[Python-Dev] Unicode character names

M.-A. Lemburg mal@lemburg.com
Thu, 23 Mar 2000 22:07:35 +0100


"Andrew M. Kuchling" wrote:
> 
> Paul Prescod writes:
> >The new \N escape interpolates named characters within strings. For
> >example, "Hi! \N{WHITE SMILING FACE}" evaluates to a string with a
> >unicode smiley face at the end.
> 
> Cute idea, and it certainly means you can avoid looking up Unicode
> numbers.  (You can look up names instead. :) )  Note that this means the
> Unicode database is no longer optional if this is done; it has to be
> around at code-parsing time.  Python could import it automatically, as
> exceptions.py is imported.  Christian's work on compressing
> unicodedatabase.c is therefore really important.  (Is Perl5.6 actually
> dragging around the Unicode database in the binary, or is it read out
> of some external file or data structure?)

Sorry to disappoint you guys, but the Unicode name and comments
are *not* included in the unicodedatabase.c file Christian
is currently working on.
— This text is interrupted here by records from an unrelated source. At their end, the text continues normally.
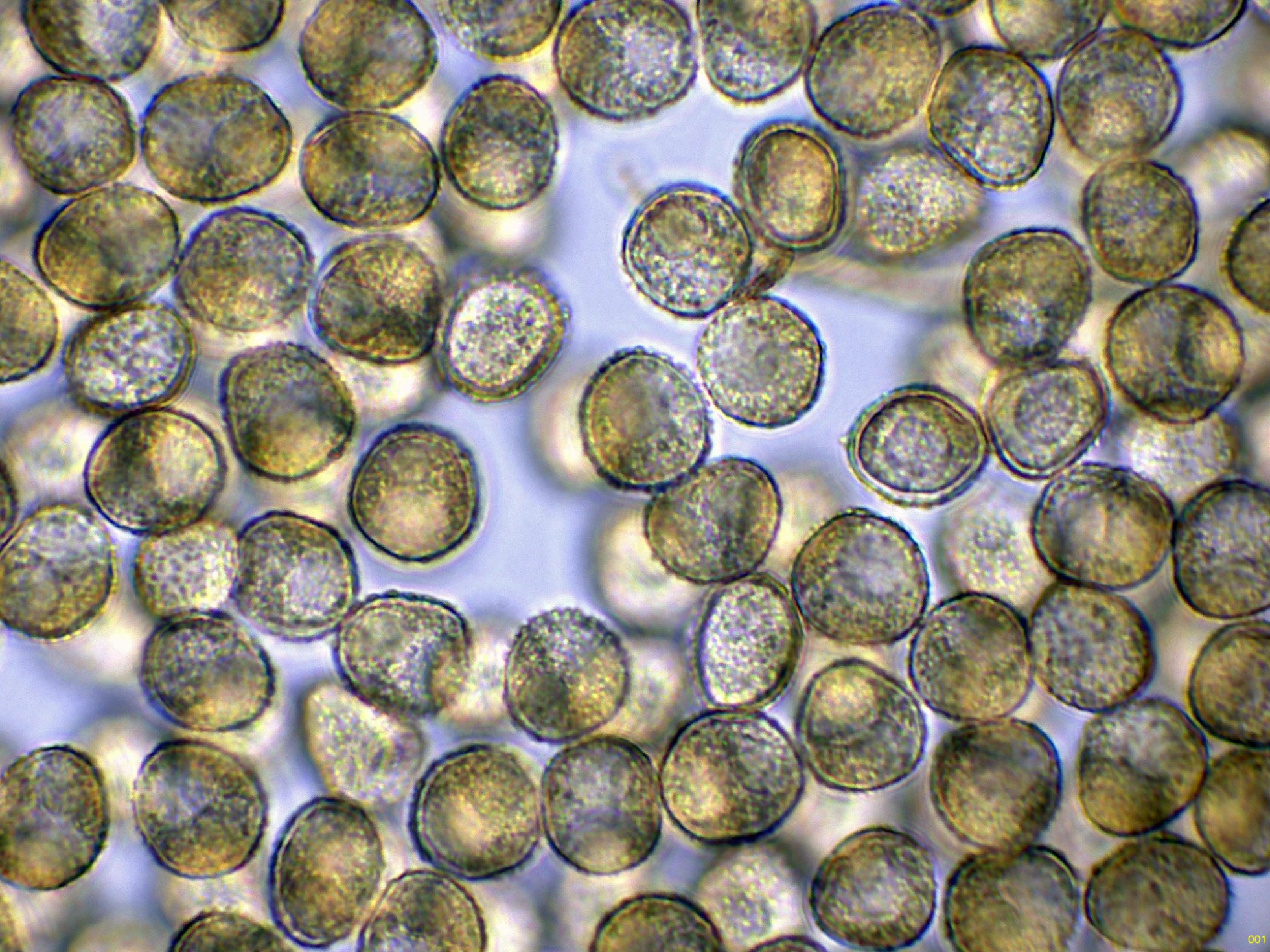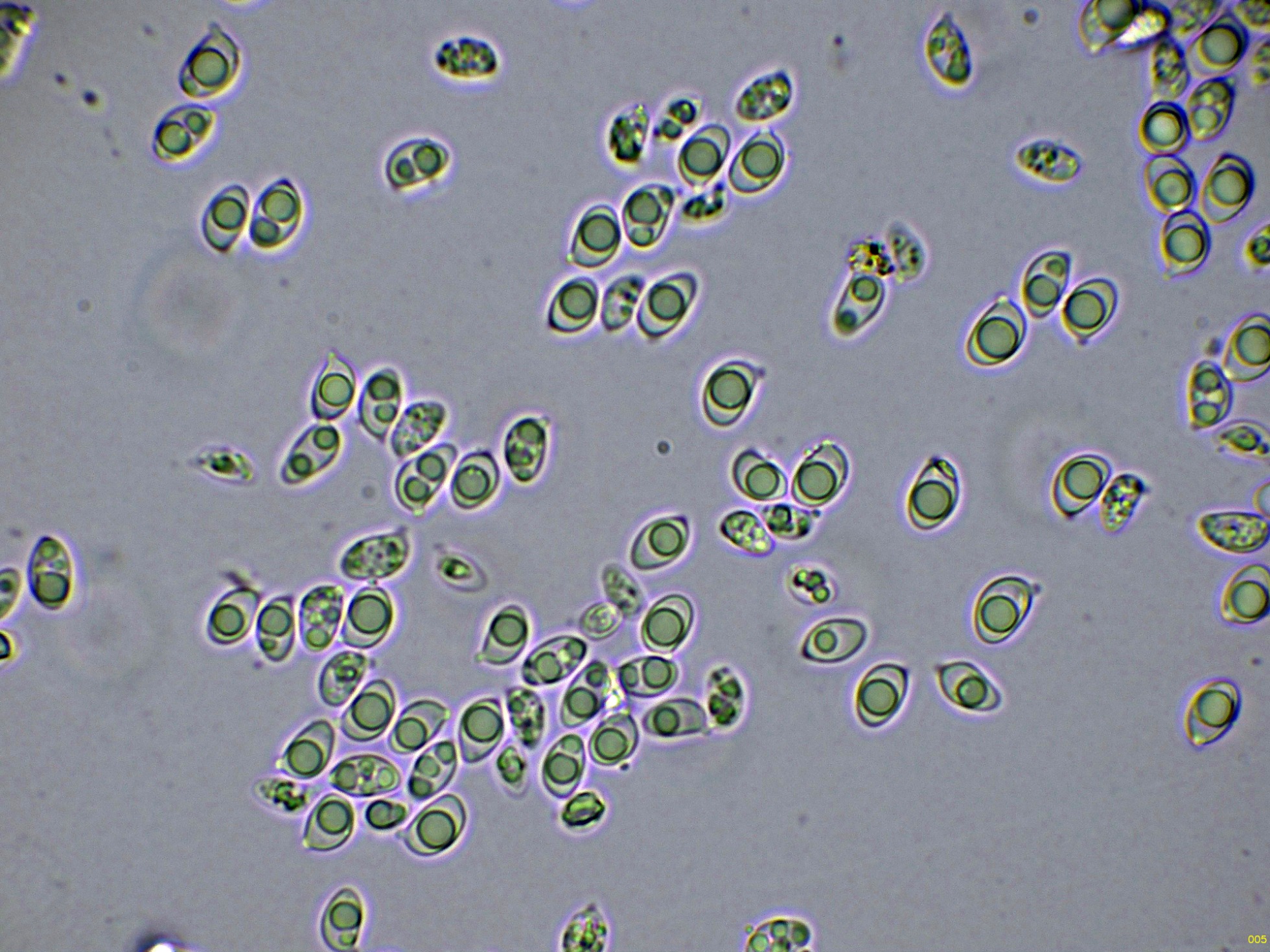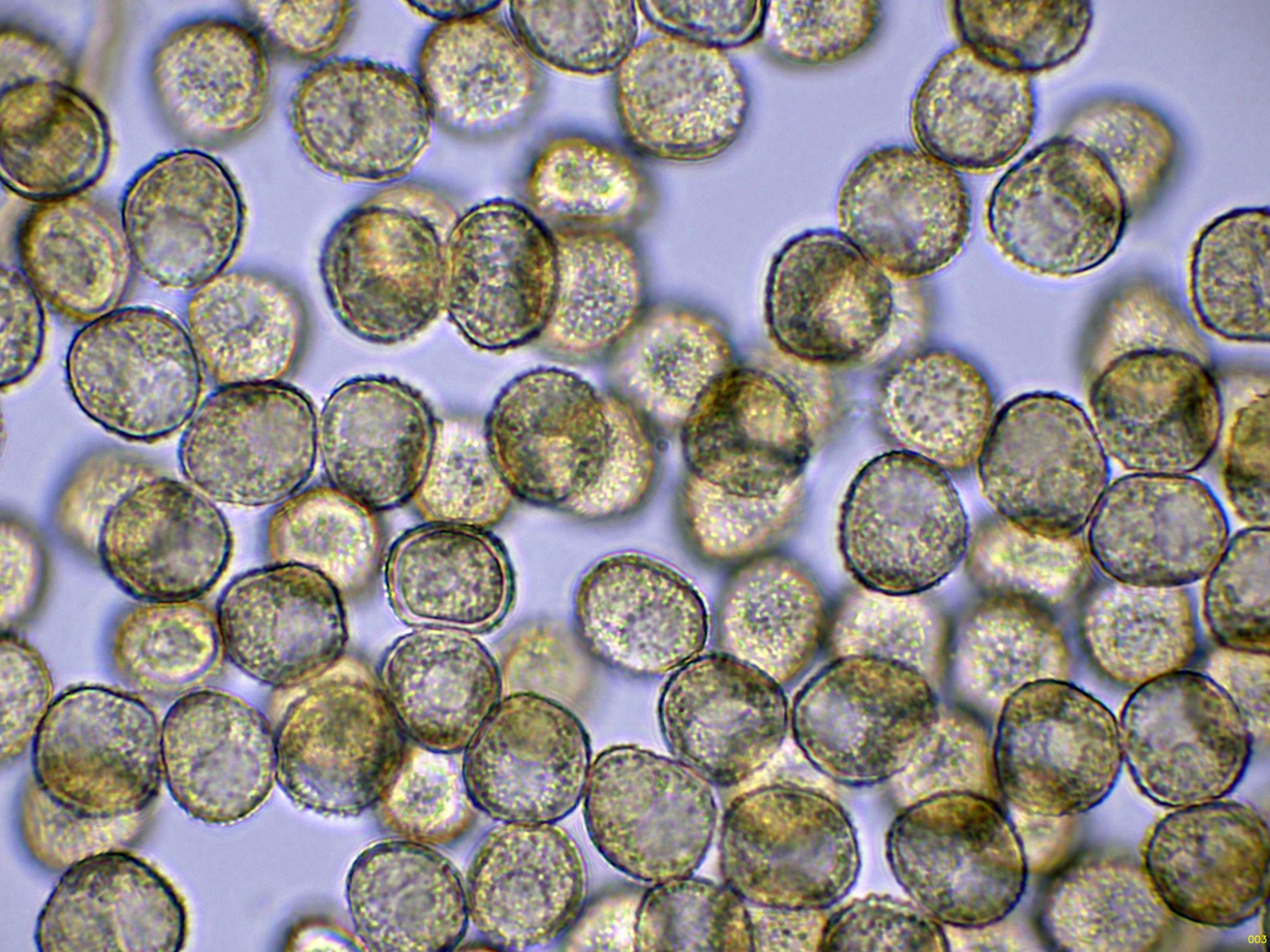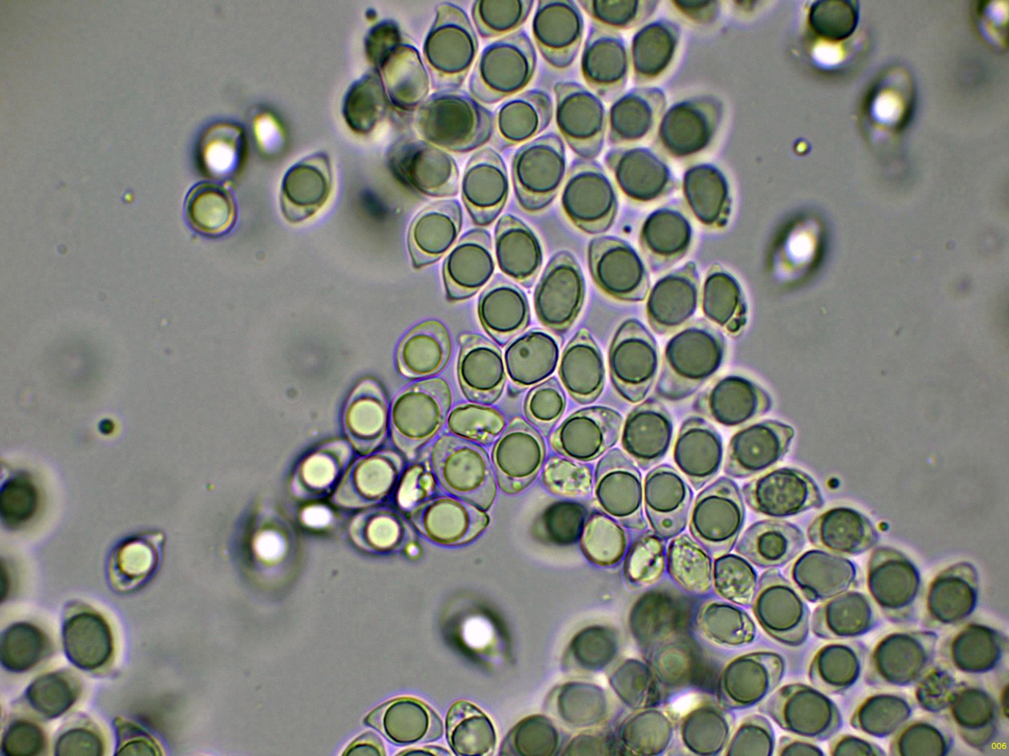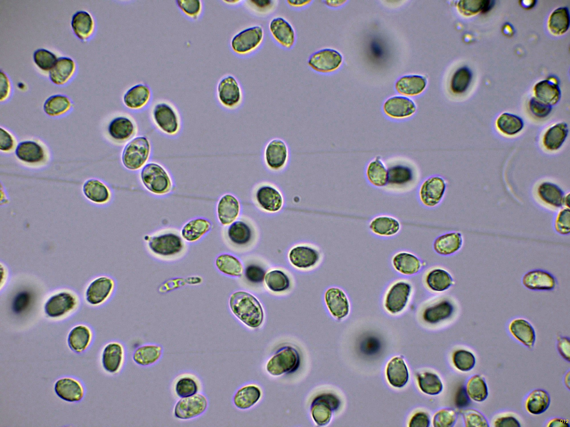 Estas esporas en distintos medios, con unas medidas sin contar la ornamentación de: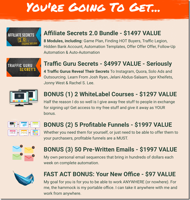 Serious About Quitting Your 9-5?’ Module 1: Your Game Plan Structuring your empire A deep dive into the “big picture” of affiliate marketing. How to get in the right mindset so that everything you touch turns to gold. Module 2: Finding HOT Buyers who’s got the $$ and How to find them The most important
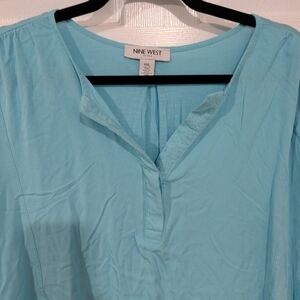 Nine West Blue V-Neck Cap Sleeve Blouse in Size XXL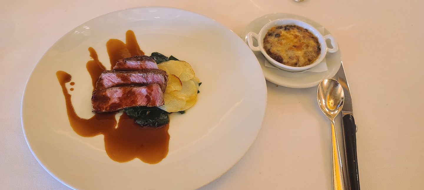 점심 메뉴의 메인은 토마호크 스테이크. 통으로 구운 걸 썰어서 내기 때문에 선택의 여지 없이 미디움 정도. 촉촉하니 잘 구워서 맛있고 옆에 있는 그라탕도 프랑스 소시지가 진하니 맛있음.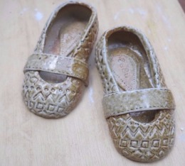 駐村期間,我的創作分了五個類別:工具(手)、寶藏、尋月亮、台灣製造 (Made in Taiwan),拉坯日記。「台灣製造」這組作品,是駐村時給我領受最深的,創作要常常守著初心,一份永遠保留單純喜歡的心、保持最初的那種狀態,對事物保持探索和好奇的精神,不被自己固有的想法所箍禁。在我感到創作停滯的一個晚上,做了一個夢,夢見小時候的我,大概5、6歲,穿著整齊的校服,踏著一雙黑色的皮鞋,背著一個小書包一臉好奇好像正要上學去。醒來的時候,那雙鞋子依然存在我的腦海裡,鞋子喚醒了我的初心,要保持最起初、最單純的喜愛而創作,就如同孩子們那種純真求知的慾望,未受世俗影響。這組作品一共做了十一雙不同款式的童鞋,分別用了不同的陶土,還請香港的朋友傳來他們孩子的鞋子照片作為藍本,我也期待它們燒成的模樣。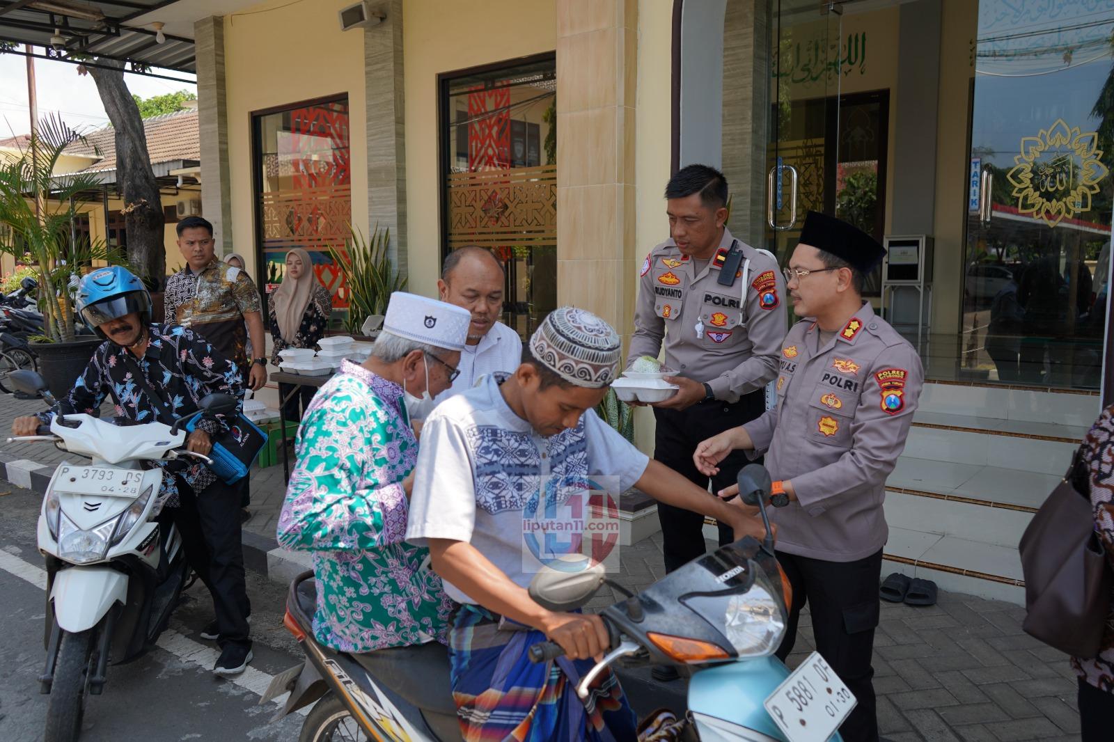 Liputan11SITUBONDO – Suasana khidmat usai pelaksanaan ibadah salat Jumat di Masjid Al Asykar Polres Situbondo mendadak berubah hangat. Hal ini terjadi saat Kapolres Situbondo, AKBP Bayu Anuwar Sidiqie, S.H., S.I.K., M.Sc., turun langsung menyapa jamaah sambil membagikan ratusan paket nasi kotak pada Jumat (10/4/2026).
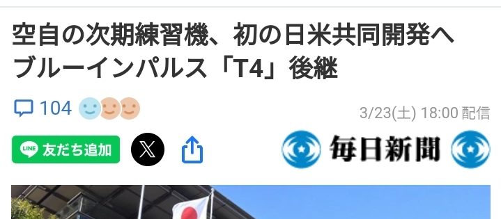 미·일 정부가 항공자위대 전투기 파일럿용 연습기 'T4'의 후계기를 공동 개발함으로써 조정하고 있는 것으로 나타났다. 기시다 후미오 총리가 국빈 대우로 방미해, 4월 10일에 워싱턴에서 예정되고 있는 바이덴 대통령과의 정상회담에서 합의해 성과 문서에 명기하는 것을 목표로 하고 있다. 연습기3의 미일 공동 개발은 처음. 생산비용 절감과 더불어 자위대와 미군에서 훈련 단계부터 공통 기체를 사용하여 연계를 강화할 목적이 있다. 여러 미일 관계 소식통이 23일 밝혔다.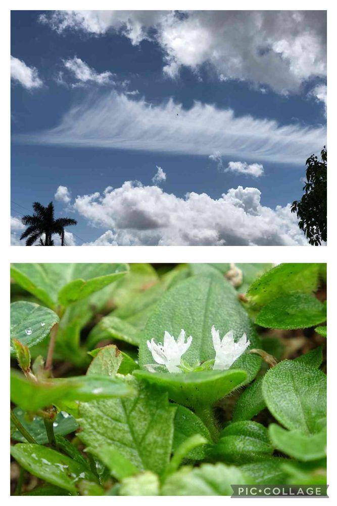 夕方の時間に裏庭で下の草花や、上の雲や夕焼けを見ていています🤳😊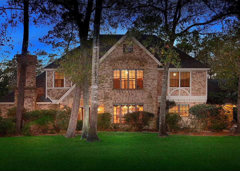 T.D. Cox custom home on an oversized lot in Grogan's Mill - close to I-45, Grand Pkwy, Market Street and Woodlands Waterway! Two staircases, detailed trim work, wet bar with wine storage, central vac, generous room sizes and abundant windows throughout the home. Island kitchen with granite counters overlooks breakfast room and den; wood paneled study with cozy fireplace; both formals; master retreat down; 4 bedrooms and game room up; 3 car garage + porte-cochere; expansive backyard features beautiful pool, spa, outdoor kitchen and covered patio surrounded by mature shade trees. Zoned to exemplary schools!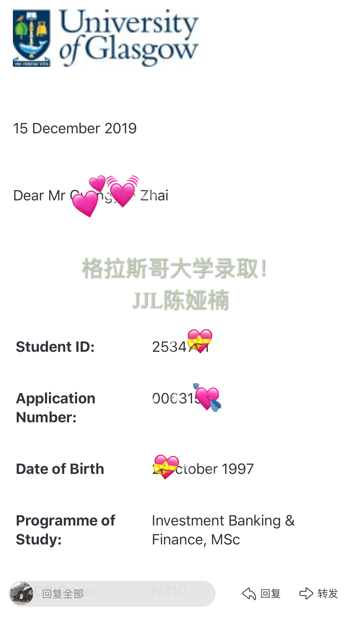 学生当时找到我的时候,已经毕业了,明显感觉到英国申请高峰期迎来,找到我抓紧开始准备申请,根据他的情况量身帮他制定了设计方案,尽快准备好材料后递交了申请,在11月收到邮件,学生的申请被放道了waiting list即等候区,因为格拉斯哥大学申请量巨大,收到了太多优秀的申请,就在12月15日捏把汗的时候,来录取了。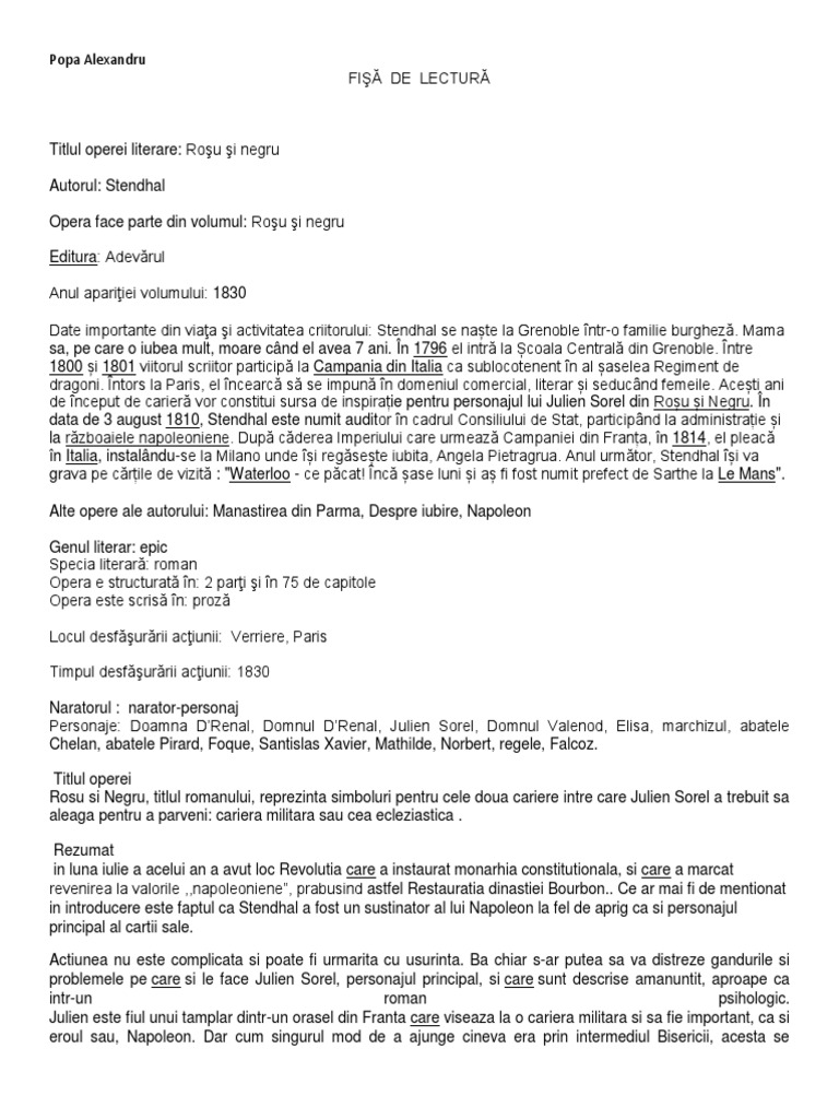 Fisa De Lectura Rosu Si Negru
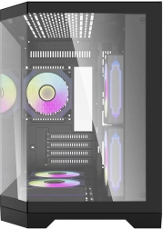 Obudowa oferuje szerokie możliwości chłodzenia z opcją montażu aż siedmiu wentylatorów lub instalacji chłodzenia wodnego 240 mm. W zestawie otrzymujesz dodatkowo pięć wydajnych wentylatorów ARGB, które nie tylko zapewniają skuteczne chłodzenie, ale też atrakcyjne efekty wizualne.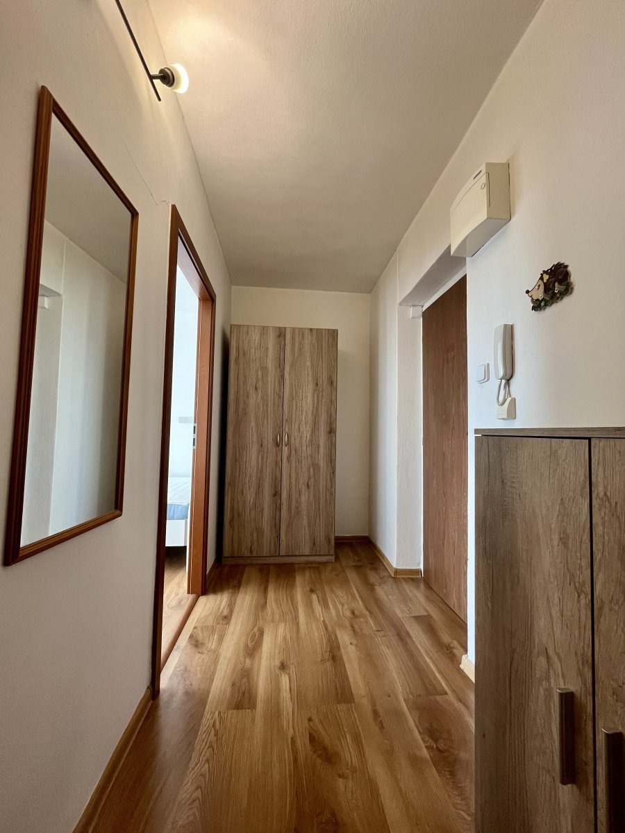 Byt se nabízí plně vybavený. Součástí kuchyňské linky je elektrická trouba a plynový sporák, lednice a jídelní stůl se dvěmi židlemi. Z kuchyně se také dostaneme na balkon.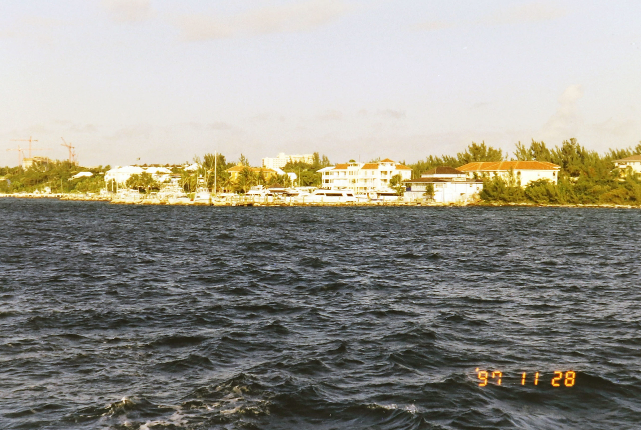 Bye Bye ... Paradise Island mit dem PHC im Kielwasser. Es geht los, denn die Karibik lockt. Die Gewässer der Bahama Banks sind sehr flach, auf der Great Bahama Bank im Allgemeinen nicht tiefer als 25 Meter. Erst an den Abhängen ihrer Ränder, so zum Beispiel an der Tongue of the Ocean - dem Meeresgraben in der Great Bahama Bank - werden die Gewässer bis über 2.000 Meter tief, wobei es an diesen Stellen dann extrem steil in die Tiefe gehen kann

The reason is simple: it would add
huge amounts of string data to the file. So this is a no-no
for the core distribution...

Still, the above is easily possible by inventing a new
encoding, say unicode-with-smileys, which then reads in
a file containing the Unicode names and applies the necessary
magic to decode/encode data as Paul described above.

Would probably make a cool fun-project for someone who wants
to dive into writing codecs.

-- 
Marc-Andre Lemburg
______________________________________________________________________
Business:                                      http://www.lemburg.com/
Python Pages:                           http://www.lemburg.com/python/